Na última semana, a pedido do Ministério Público, a Delegacia Seccional de Polícia abriu inquérito para investigar as circunstâncias em que ocorreram as inclusões de áreas. Na esfera cível o caso também é acompanhado pelo promotor Sérgio Clementino, que inclusive já ouviu Rillo. Na semana passada, o petista afirmou que “já rolou” dinheiro para votação deste tipo de projeto. Sansão cobrou da imprensa que tornasse público os casos de “corrupção.”

No total, somando as propostas apresentadas pelo prefeito, a Câmara já incluiu 5,3 milhões de metros quadrados de áreas rurais no perímetro urbano do município desde 2009. O montante é equivalente a seis condomínios Damha I, que tem área de 831,1 mil metros quadrados, ou então a 645 campos de futebol oficial.
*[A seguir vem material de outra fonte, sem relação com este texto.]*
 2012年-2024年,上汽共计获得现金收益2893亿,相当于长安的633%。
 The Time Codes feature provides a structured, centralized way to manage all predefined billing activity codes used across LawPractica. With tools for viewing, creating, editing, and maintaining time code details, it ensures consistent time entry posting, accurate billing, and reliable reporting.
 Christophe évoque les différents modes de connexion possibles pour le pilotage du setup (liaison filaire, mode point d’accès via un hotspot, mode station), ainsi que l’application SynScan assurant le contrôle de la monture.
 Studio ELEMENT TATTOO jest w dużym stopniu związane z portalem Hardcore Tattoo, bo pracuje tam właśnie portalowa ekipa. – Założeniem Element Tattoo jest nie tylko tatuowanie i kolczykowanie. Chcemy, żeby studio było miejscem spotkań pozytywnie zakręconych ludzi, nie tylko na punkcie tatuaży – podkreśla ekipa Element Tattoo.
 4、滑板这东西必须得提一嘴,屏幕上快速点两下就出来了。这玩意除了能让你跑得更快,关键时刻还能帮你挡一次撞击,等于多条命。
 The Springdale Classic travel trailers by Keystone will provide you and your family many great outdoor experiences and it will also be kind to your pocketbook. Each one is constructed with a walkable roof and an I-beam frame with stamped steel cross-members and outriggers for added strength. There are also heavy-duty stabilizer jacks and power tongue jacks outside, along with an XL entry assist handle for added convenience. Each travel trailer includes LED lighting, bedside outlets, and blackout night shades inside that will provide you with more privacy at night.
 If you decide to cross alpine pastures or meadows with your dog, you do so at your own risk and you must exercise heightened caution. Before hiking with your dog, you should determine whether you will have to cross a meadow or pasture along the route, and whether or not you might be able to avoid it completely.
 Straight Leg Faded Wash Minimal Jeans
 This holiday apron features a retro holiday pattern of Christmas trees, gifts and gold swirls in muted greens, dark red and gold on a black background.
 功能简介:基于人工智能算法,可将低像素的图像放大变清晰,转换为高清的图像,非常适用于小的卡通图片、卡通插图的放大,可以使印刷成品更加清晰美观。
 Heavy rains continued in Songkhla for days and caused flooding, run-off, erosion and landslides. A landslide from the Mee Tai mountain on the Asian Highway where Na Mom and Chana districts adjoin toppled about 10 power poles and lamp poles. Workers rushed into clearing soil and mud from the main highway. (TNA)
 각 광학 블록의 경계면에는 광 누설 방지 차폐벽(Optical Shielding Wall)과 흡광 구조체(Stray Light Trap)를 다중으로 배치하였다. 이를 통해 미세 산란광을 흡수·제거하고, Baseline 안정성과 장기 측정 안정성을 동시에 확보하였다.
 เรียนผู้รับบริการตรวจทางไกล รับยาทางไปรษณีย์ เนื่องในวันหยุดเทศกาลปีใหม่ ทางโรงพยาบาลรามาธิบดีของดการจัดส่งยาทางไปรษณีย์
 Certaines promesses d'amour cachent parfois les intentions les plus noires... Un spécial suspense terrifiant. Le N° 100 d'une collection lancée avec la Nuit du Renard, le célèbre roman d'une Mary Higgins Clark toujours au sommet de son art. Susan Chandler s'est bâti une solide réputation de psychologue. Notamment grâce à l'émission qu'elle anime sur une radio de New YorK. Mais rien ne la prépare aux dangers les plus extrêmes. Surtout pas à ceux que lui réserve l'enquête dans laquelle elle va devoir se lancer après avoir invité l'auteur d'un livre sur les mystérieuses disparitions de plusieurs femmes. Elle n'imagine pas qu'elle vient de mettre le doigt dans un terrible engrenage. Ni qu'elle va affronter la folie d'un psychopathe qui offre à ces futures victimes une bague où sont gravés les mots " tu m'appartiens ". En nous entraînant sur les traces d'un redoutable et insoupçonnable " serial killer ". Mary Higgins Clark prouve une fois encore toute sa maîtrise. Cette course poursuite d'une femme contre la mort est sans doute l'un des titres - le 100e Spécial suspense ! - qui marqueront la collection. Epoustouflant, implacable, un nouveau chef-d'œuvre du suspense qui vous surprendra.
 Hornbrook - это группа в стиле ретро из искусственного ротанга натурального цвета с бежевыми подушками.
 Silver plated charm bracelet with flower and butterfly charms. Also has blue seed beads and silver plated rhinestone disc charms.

Somente os vereadores Walter Farath (PR) e Jorge Menezes (DEM), licenciado para ocupar o cargo de secretário de Agricultura, incluíram 1,7 milhão de metros quadrados, mais do que o 1,5 milhão de metros propostos pelo Executivo. A extensão das áreas incluídas pelos dois vereadores corresponde a 215 campos de futebol com 8,2 mil metros quadrados cada.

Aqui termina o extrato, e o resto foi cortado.